Kualitas relasi itu tentu saja ditentukan oleh dua hal mendasar yaitu seberapa
jauh penggunaan kewenangan oleh pemerintah dapat dilakukan dan seberapa besar
pelayanan dapat diterima oleh masyarakat dalam bentuk jasa publik dan layanan
sipil. Pertanyaan awalnya adalah siapakah yang memiliki kewenangan dalam soal pengaturan
izin trayek angkutan umum dalam skala tertentu? Apa kriterianya dan siapa yang
berwewenang dalam mengendalikan luapan kemajuan teknologi aplikasi sebagaimana
kini menjadi semacam layanan kenikmatan
tersendiri bagi setiap pemakai teknologi android? Pertanyaan kritis bagi
pihak yang diperintah dalam hal ini adalah apakah penggunaan teknologi aplikasi
dalam mengembangkan usaha produktif dibidang layanan transportasi memiliki
aturan yang jelas dari pemerintah? Kalaupun ada, dimanakah aturan itu?

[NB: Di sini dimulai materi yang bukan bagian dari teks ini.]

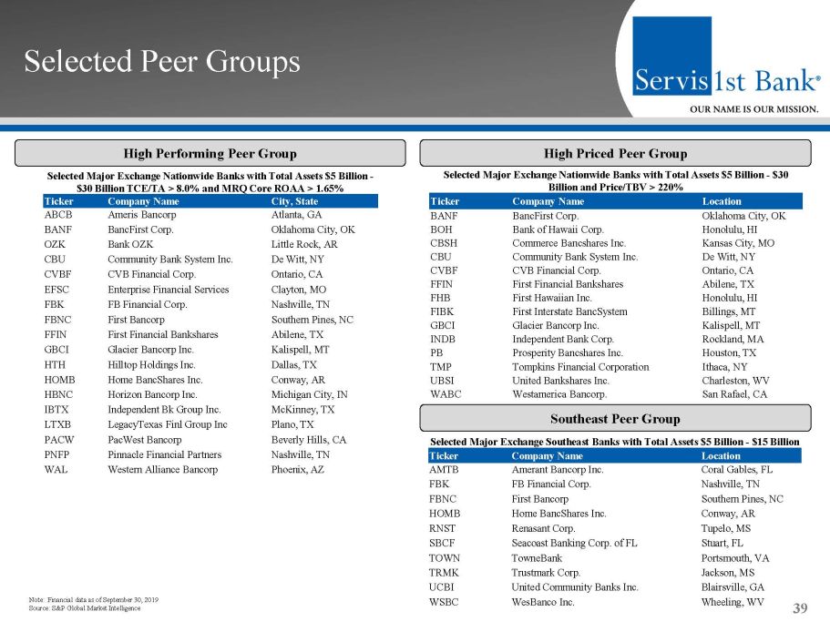 GAAP Reconciliation 38 Dollars in Thousands $ 27,329 $ 44,258 $ 25,465 $ 21,601 Adjustment for non-routine expense/credit -421 -132 829 865 $ 26,908 $ 44,126 $ 26,294 $ 22,466 1.70 % 1.43 % 1.38 % 1.39 % $ 108,206 $ 93,092 $ 63,540 $ 52,377 Adjustment for non-routine expense/credit -1,248 3,274 1,767 1,612 $ 106,958 $ 96,366 $ 65,307 $ 53,989 $ 8,505,310 $ 6,495,067 $ 4,591,861 $ 3,757,932 1.68 % 1.48 % 1.42 % 1.44 % 18.93 % 16.37 % 15.30 % 16.23 % $ 108,175 $ 93,030 $ 63,260 $ 51,946 Adjustment for non-routine expense/credit -1,248 3,274 1,767 1,612 $ 106,927 $ 96,304 $ 65,027 $ 53,558 $ 764,070 $ 568,228 $ 413,445 $ 320,005 18.71 % 16.95 % 15.73 % 16.74 % $ 2.00 $ 1.72 $ 1.20 $ 1.05 54,087,410 54,123,957 52,885,108 49,636,442 $ 1.98 $ 1.78 $ 1.23 $ 1.08 1.66 % 1.31 % Adjustment for Salary/Benefits & Occupancy/Equipment, Most Recent Quarter (1) $ 7,803 2.21 % 1.72 % 1.16 % 0.89 % Adjustment for Salary/Benefits & Occupancy/Equipment, Most Recent Year (1) $ 28,052 1.75 % 1.33 % $ 15.13 $ 13.40 $ 11.47 $ 9.93 $ 8.65 $ 7.41 810,537 715,203 607,604 522,889 449,147 367,255 Adjusted for goodwill and other identifiable intangible assets 14,246 14,449 14,787 14,996 15,330 - $ 796,291 $ 700,754 $ 592,885 $ 507,893 $ 433,817 $ 367,255 $ 14.86 $ 13.13 $ 11.19 $ 9.65 $ 8.35 $ 7.41 9.00 % 8.93 % 8.58 % 8.21 % 8.81 % 8.96 % $ 9,005,112 $ 8,007,382 $ 7,082,384 $ 6,370,448 $ 5,095,509 $ 4,098,679 Adjusted for goodwill and other identifiable intangible assets 14,246 14,449 14,719 14,996 15,330 - $ 8,990,866 $ 7,992,933 $ 7,067,665 $ 6,355,452 $ 5,080,179 $ 4,098,679 8.86 % 8.77 % 8.39 % 7.99 % 8.54 % 8.96 % Cost of Total Deposits, Most Recent Quarter - GAAP Cost of Total Deposits, Most Recent Year - GAAP Adjusted Cost of Interest Bearing Deposits, Most Recent Quarter - non-GAAP Adjusted Cost of Total Deposits, Most Recent Quarter - non-GAAP Adjusted Cost of Interest Bearing Deposits, Most Recent Year - non-GAAP Average common stockholders' equity Core return on average common stockholders' equity - non-GAAP Tangible book value per share - non-GAAP As Of and For the Year Ended December 31, 2014 Book value per share - GAAP As Of and For the Year Ended December 31, 2015 Provision for income taxes - GAAP Return on average assets - GAAP Core net income - non-GAAP As Of and For the Year Ended December 31, 2016 As Of and For the Year Ended December 31, 2017 As Of and For the Year Ended December 31, 2018 As Of and For 9 Months Ended September 30, 2019 Cost of Interest Bearing Deposits, Most Recent Quarter - GAAP Cost of Interest Bearing Deposits, Most Recent Year - GAAP Adjusted Cost of Total Deposits, Most Recent Year - non-GAAP Stockholders' equity to total assets - GAAP Total assets - GAAP Total tangible assets - non-GAAP Tangible common equity to total tangible assets - non-GAAP Core provision for income taxes - non-GAAP Net income - GAAP Core diluted earnings per share - non-GAAP Total common stockholders' equity - GAAP Tangible common stockholders' equity - non-GAAP Average assets Core return on average assets - non-GAAP Return on average common stockholders' equity - GAAP Net income available to common stockholders - GAAP Diluted earnings per share - GAAP Weighted average shares outstanding, diluted - GAAP Core net income available to common stockholders - non-GAAP 1) Adjustment includes 41 . 4 % of reported compensation and benefits expense and 78 . 2 % of reported occupancy and equipment expense . Percentages were derived from SFBS management’s internal analysis ; inclusive of management estimates of salary and benefits expense for deposit gathering officers, support staff, monthly core system costs, and additional support center overhead

Bagaimana pula dengan bisnis online yang
lebih duluan marak, berciri murah, tinggal dipesan dari mana saja, maka aneka
macam jenis barang dengan label beken dan
mahal di Toko dan Mall akan datang dengan sendirinya seusai ditransfer. Gejala
tersebut menunjukkan bahwa pemerintah (misalnya saja departemen perdagangan)
kalah cepat dalam mengantisipasi perkembangan masyarakat dalam memanfaatkan teknologi
informasi dewasa ini.
Sebelum kita mendekati (mencoba menjawab) persoalan
diatas, kini kita menyadari bahwa suatu bahwa semua layanan kedepan akan
berbasis teknologi informasi (bahkan sudah), sementara pemerintah disatu sisi sebagai
produsen regulasi tertinggal jauh dibelakang kecepatan teknologi dan kecerdasan
publik. Kemajuan teknologi informasi dan kecerdasan publik dalam mengembangkan
instrument bagi keuntungan pribadi dan kemaslahatan orang banyak (common good) tentu saja pada prinsipnya
tak dilarang, bahkan pada satu sisi menjadi komplemen bagi terbatasnya
pelayanan pemerintah sepanjang tak menjadi penyebab bagi lahirnya masalah baru.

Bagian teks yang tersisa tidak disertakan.